Pero Odín ignoró la provocación. En el fondo sabía que el exiliado centinela tenía razón, y contaba los días hasta la llegada de Ragnarock, que sabía muy próximo.

—¿Eso es lo que buscas, Heimdall? ¿Heredar el cielo? ¿No te bastaba con protegerlo?

—Busco conocimiento, mi señor. La verdad. Estoy muy confuso...

—La verdad no existe.

—Pero tú lo sabes todo. Tienes el conocimiento y la memoria.

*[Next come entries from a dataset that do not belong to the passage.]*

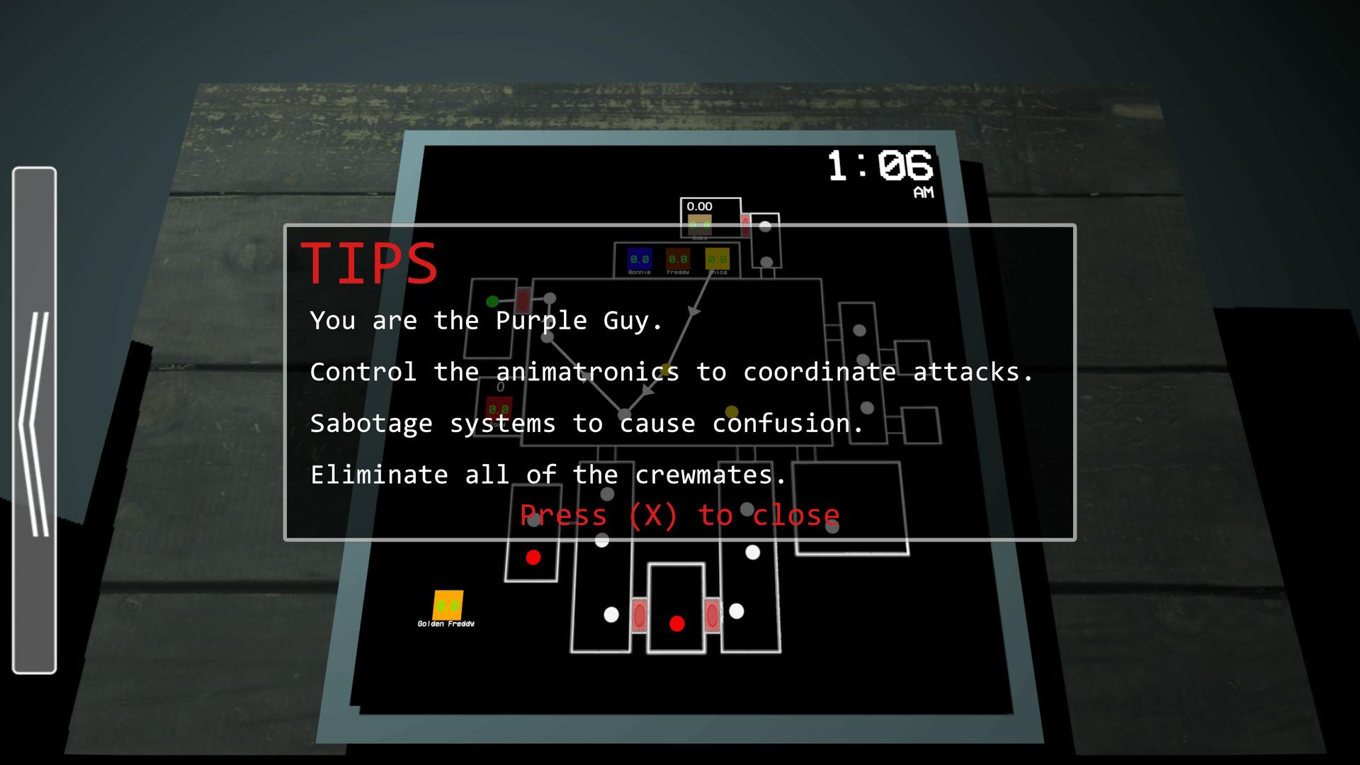 An online multiplayer fangame of Five Nights at Freddy’s 1 where 3-5 players each occupy their own office and must collaborate via in-game voice chat to survive the night. One player can also assume the role of the Purple Guy, controlling animatronics to eliminate the others before 6AM. Currently in alpha, available for Windows via GameJolt and Itch.
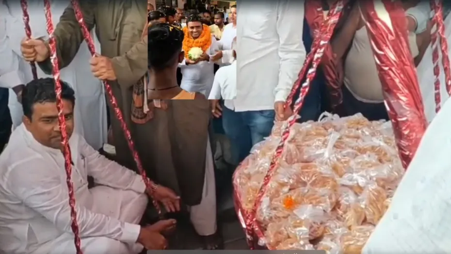 राष्ट्रीय जनता दल से निकाले गए नेता संजय राय फूलगोभी लेकर वोट मांग रहे हैं। वहीं, समर्थकों ने उन्हें जलेबी से तौला। इस घटना का वीडियो भी सामने आया है। राष्ट्रीय जनता दल ने बिहार विधानसभा चुनाव के बीच अनुशासनहीनता और पार्टी विरोधी गतिविधियों के चलते 27 नेताओं को 6 साल के लिए पार्टी से निकाल दिया है। संजय राय भी इनमें शामिल हैं। पार्टी से निकाले जाने वाले संजय निर्दलीय चुनाव लड़ रहे हैं। उन्हें फूलगोभी चुनाव चिह्न मिला है और वह इसे लेकर जनता के बीच जा रहे हैं।
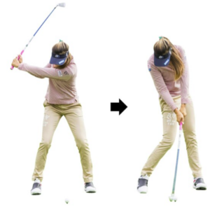それ以上大きく上げると、ボールと目の距離が離れすぎてオーバースイングになってしまうので、下半身の動きを抑えて防ぎましょう。
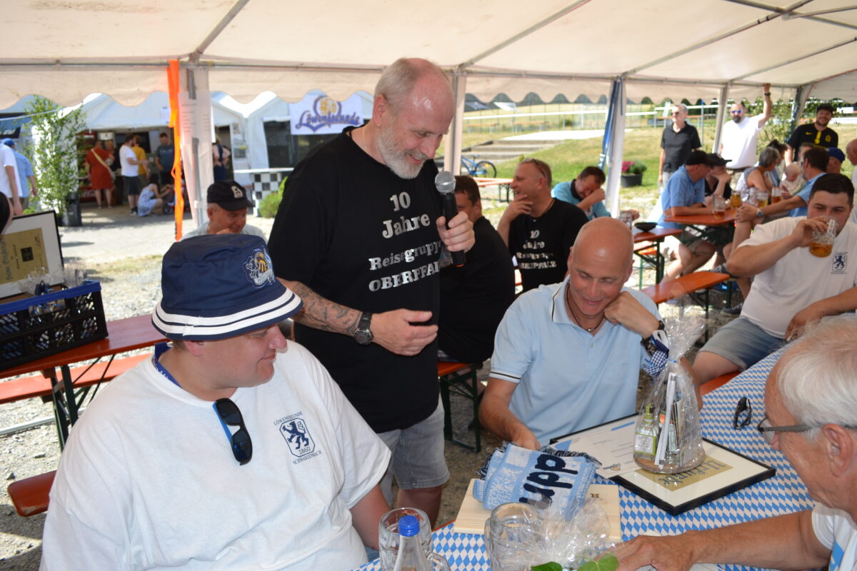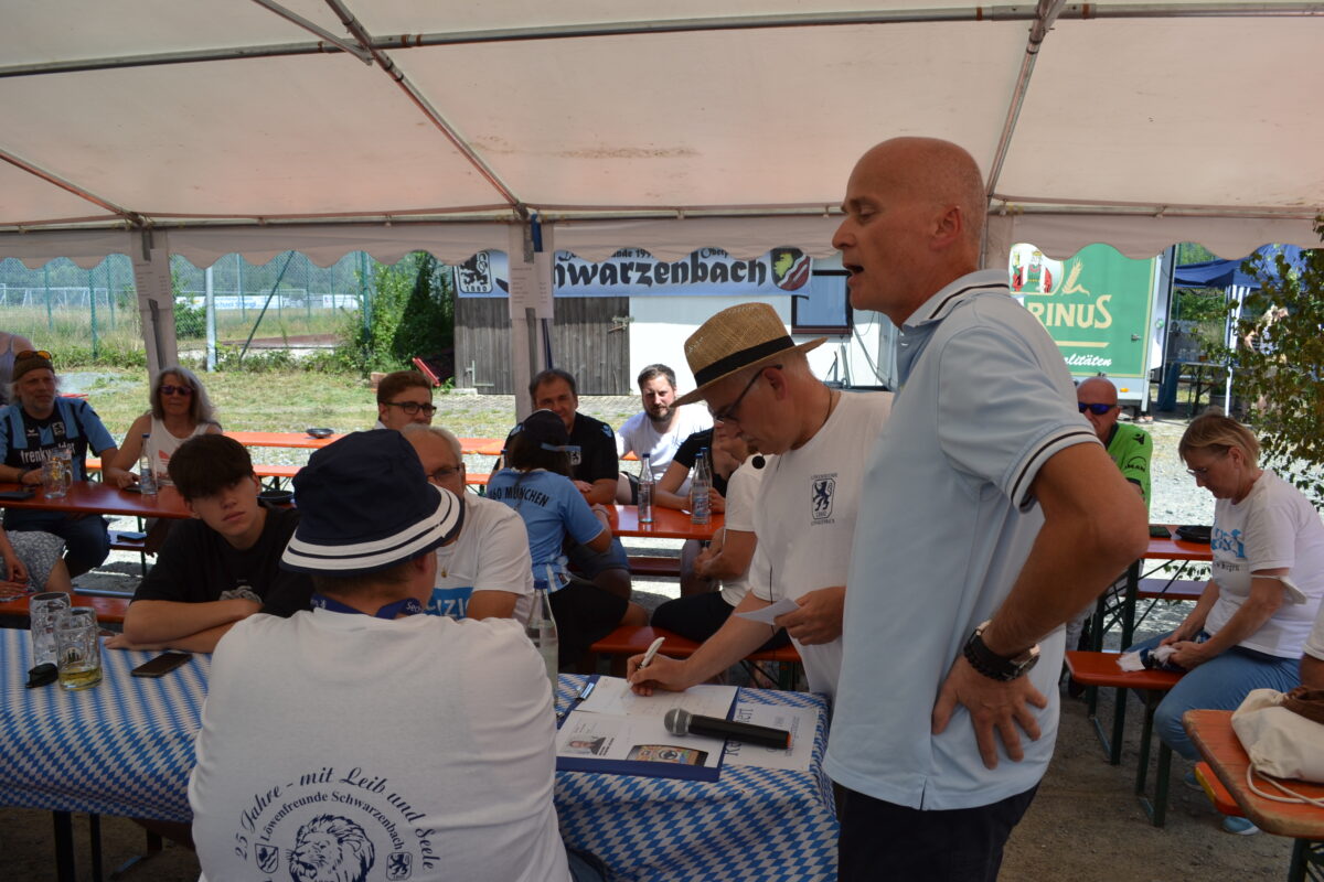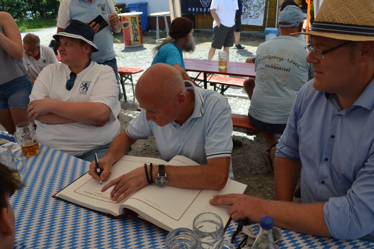 Leutselig und volksnah mischten sie sich unters schwitzende Löwenvolk, beantworteten bereitwillig die Fragen der circa 100-köpfigen Fangemeinde im brütend heißen Festzelt, das die Löwenfreunde aus Anlass ihres 25-jährigen Jubiläums und des zehnjährigen Bestehens der Reisefreunde Oberpfalz aufgebaut hatten.
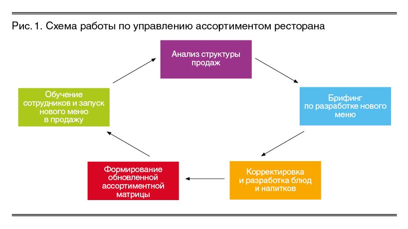 В общем виде схема работы по управлению ассортиментом ресторана циклична и может выглядеть так, как показано на рис. 1.
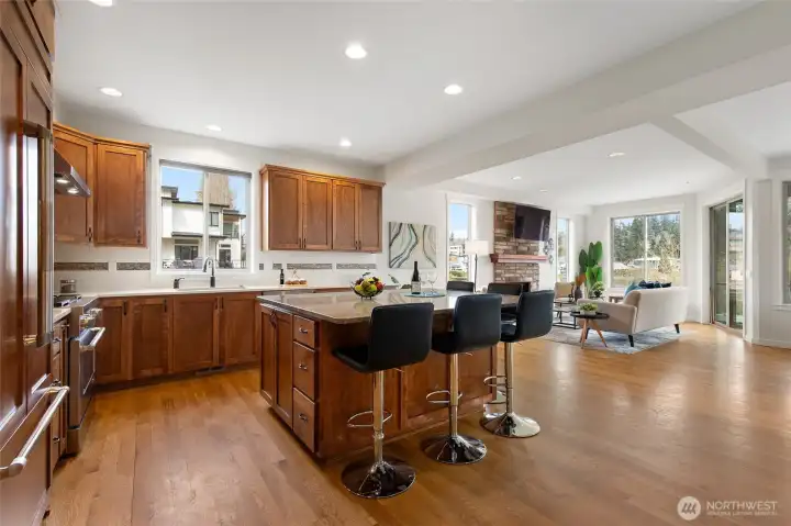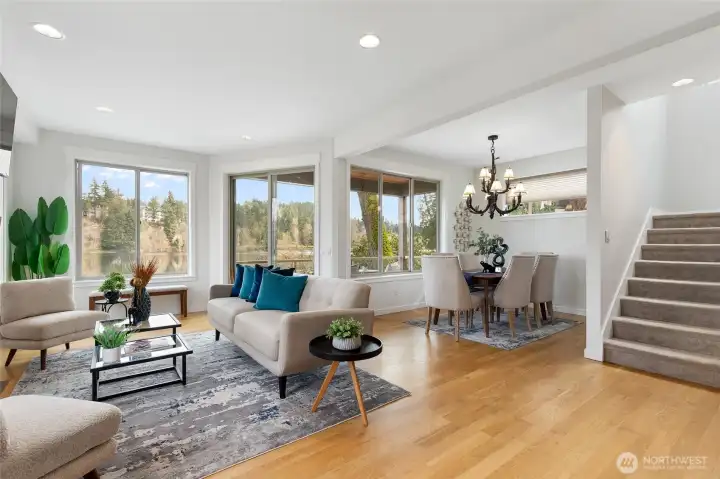 Waterfront Luxury meets Modern Versatility on Lake Boren. Sparkling with fresh updates including fresh interior paint, plush carpet & modern kitchen cabinetry. This beautiful sanctuary offers a rare blend of luxury & flexible living space. The main residence features an expansive open floor plan designed to frame panoramic lake views from every angle. The gourmet kitchen impresses with a quartz eating island, built-in refrigerator & premium JennAir appliances. Retreat to the primary suite with a private balcony overlooking the water, 5-piece spa sanctuary boasting a massive jetted tub, luxe shower, walk-in closet & next to the spacious additional bedrooms & bath. A standout feature is the fully self-contained guest suite located over the 2-car garage. Complete with a finished bedroom, 3/4 bath & its own kitchen, this space is ideal for a high-end home office or a rental opportunity! The lower level adds even more value with a spacious rec room, additional guest bedroom & direct access to a covered patio & your own private dock. Whether you are launching a kayak at sunrise or entertaining in the freshly landscaped yard, this home delivers! Perfectly positioned for an easy commute to Seattle, Bellevue & airport, you are just minutes from local trails, parks, dining & schools. Experience modern lakeside elegance in the heart of Newcastle. Welcome Home.
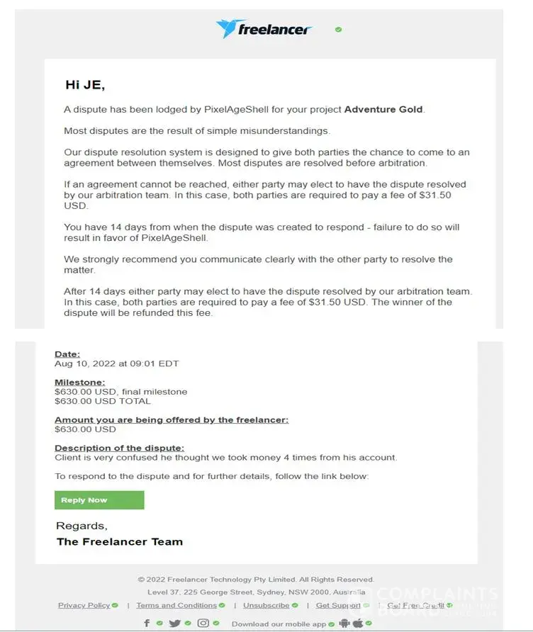 We will be filing a formal complaint against Freelancer with the government of Australia.
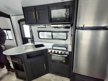 32 Foot Trailer, Outdoor Kitchen, Outdoor Shower, 2 Slide Outs, Auto Awing with LED lights, Central Vac with Front Storage, Trailer has one bedroom and a bunky, master room has a Queen bed, bunky sleeps 3

Al oír sus nombres, dos formas oscuras cruzaron la sala como relámpagos y se posaron entre revoloteos en los hombros desprotegidos del dios de las matanzas nórdico. Eran Huggin y Munnin, los cuervos que revelaban a Odín todos los secretos.

—¿Cómo sabes que ellos te dicen siempre la verdad, mi rey? ¿Cómo puedes tomar decisiones que afecten a todo el universo sólo por lo que te dicen esas criaturas?

—Porque confío, Heimdall, y la confianza es más importante aún que la verdad.